Background: The interaction of polyethylenimine (PEI) polyplexes with proteins in cystic fibrosis (CF) airway secretions poses a significant hurdle to this nonviral delivery system. The aim of this study was to evaluate whether albumin may increase the efficiency of PEI complexes in mediating gene transfer into respiratory epithelial cells in the presence of CF mucus.
Methods: PEI (25 kDa) was complexed to DNA in the presence of human serum albumin (HSA) and used to transfect confluent A549 and 9HTEo- cells. Alternatively, albumin was added to preformed PEI-DNA complexes. The cytotoxicity of complexes was analysed by the LDH (lactate dehydrogenase) assay. CF CFT1-C2 cells were allowed to polarise and were transfected either with luciferase- or CFTR-expressing plasmids. To evaluate the effect of CF respiratory secretions on transfection efficiency, confluent cells were transfected in the presence of sputum obtained from two CF patients.

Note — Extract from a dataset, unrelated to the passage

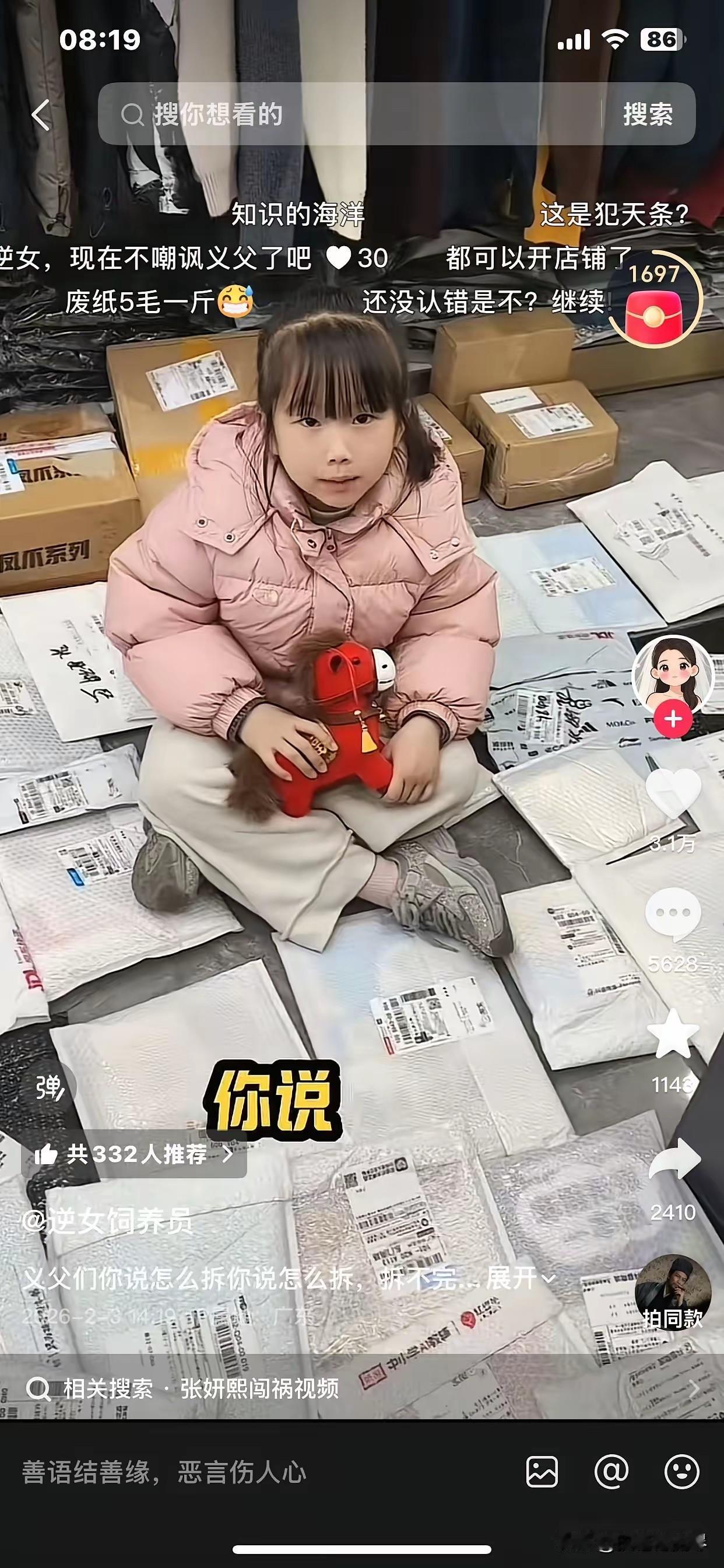 广东六岁女孩张妍熙喊话义父,义父放假了,很闲的那种!这帮义父怎么能让电子女儿过个这么闲的寒假? ​于是,全国各地的义父不约而同的给电子女儿邮去了作业本,练习册,寒假作业,从一年级到六年级的。 2026年2月初,广东清远6岁女孩张妍熙的一段视频在网络上迅速走红,她也因此被网友称作2026年第三个“惹祸”的人。 这个可爱的小姑娘凭借三个抖音账号,在全网收获了近四十万“义父”粉丝,平日里靠着甜甜的语气和暖心的互动,把一众网友哄得十分开心,却没想到一句寒假喊话,让自己的悠闲假期彻底泡汤。 张妍熙的日常视频风格轻松可爱,每天都会在账号上和义父们聊天报平安,分享自己的生活小事,一句句暖心的问候拉近了和网友的距离,也让她收获了大批忠实的粉丝。 寒假来临后,小姑娘满心欢喜地对着镜头喊话,直言自己已经放假,日子过得十分清闲,还俏皮地调侃义父们,这份无忧无虑的模样,瞬间点燃了全网义父的“整活”热情。 网友们顺着她往期视频里露出的快递面单信息,找到了她父母经营的服装店地址,一场跨越全国的“作业投喂”行动就此展开。 从1月30日开始,快递员便频繁上门派送包裹,起初只是零星的练习册,到后来包裹越堆越多,直接在店铺里堆成了小山,拆快递的速度远远赶不上派送的速度。 全国各地的义父们纷纷出手,福建网友寄来了《口算天天练10000题》和练字帖,湖北网友送上一年级下册黄冈密卷,山东网友一次性寄出三本寒假作业,还有网友贴心附上戒尺,备注要督促孩子好好学习。 除了小学一到六年级的语数外练习册、试卷,更有网友寄来了《民法典》、公务员考试教材、法语入门书,甚至还有风水、国学类书籍,把从小学到成年的学习资料都安排得明明白白。 张妍熙每天都要面对堆积如山的包裹,拆快递拆到麻木,看着眼前数不清的作业本和练习册,原本开心的小脸瞬间垮了下来,再也没有了之前炫耀假期清闲的得意。 她的母亲许女士表示,收到的作业种类繁多,数量庞大,根本无法全部完成,只能每天安排孩子做适量的习题,剩下的会整理后分给身边的同学,避免资源浪费。 除了作业,不少义父还寄来了各地特产、零食和玩具,把小姑娘的年货提前备齐,有网友甚至寄来了鹦鹉,让这场充满趣味的互动多了更多惊喜。 张妍熙看着眼前的一切,无奈又可爱地对着镜头吐槽,拆不完的快递和做不完的作业,让她彻底体会到了“祸从口出”的滋味。 这件事在网络上引发了热烈讨论,网友们纷纷被这场有趣的互动逗笑,有人调侃义父们的操作太硬核,用最温柔的方式给了小姑娘最“扎心”的关爱; 也有人觉得这场互动充满了网络温情,成年人用幽默的方式回应孩子的俏皮,治愈了彼此的生活;还有网友表示,这是互联网独有的善意,没有恶意,只有满满的欢乐与温暖。 对此,你们有什么看法,欢迎评论留言~

Results: The ternary PEI-HSA complexes increased luciferase expression in confluent cultures in a dose-dependent fashion up to 100 times as compared to PEI-DNA. The number of GFP-expressing cells, as evaluated by epifluorescence, was augmented several-fold. When HSA was added to preformed PEI-DNA complexes, a further 5-10-fold increase in gene expression was observed. No significant cytotoxicity was observed with either PEI or PEI-HSA polyplexes. The ternary complexes determined detectable CFTR gene transfer and expression at the apical membrane in polarised CFT1-C2 cells, as evaluated by confocal microscopy. CF sputum inhibited PEI-mediated gene transfer by 7-186-fold. Although luciferase expression mediated by PEI-HSA was still inhibited by CF sputum, these levels were 18-83.8-fold higher than with PEI.

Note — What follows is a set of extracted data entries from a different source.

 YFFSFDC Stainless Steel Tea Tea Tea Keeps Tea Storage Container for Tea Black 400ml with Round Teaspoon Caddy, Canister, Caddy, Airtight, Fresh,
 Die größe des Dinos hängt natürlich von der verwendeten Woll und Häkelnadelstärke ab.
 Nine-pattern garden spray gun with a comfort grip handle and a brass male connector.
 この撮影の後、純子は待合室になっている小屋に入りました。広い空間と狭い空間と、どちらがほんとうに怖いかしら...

Conclusions: Our results demonstrate that albumin increases PEI gene transfer efficiency in confluent and polarised respiratory epithelial cells and can allow CFTR gene expression in the appropriate cellular compartment. PEI-HSA complexes display a higher efficiency than PEI also in the presence of CF sputum, indicating that albumin-containing polyplexes may help overcome barriers imposed by CF airway secretions.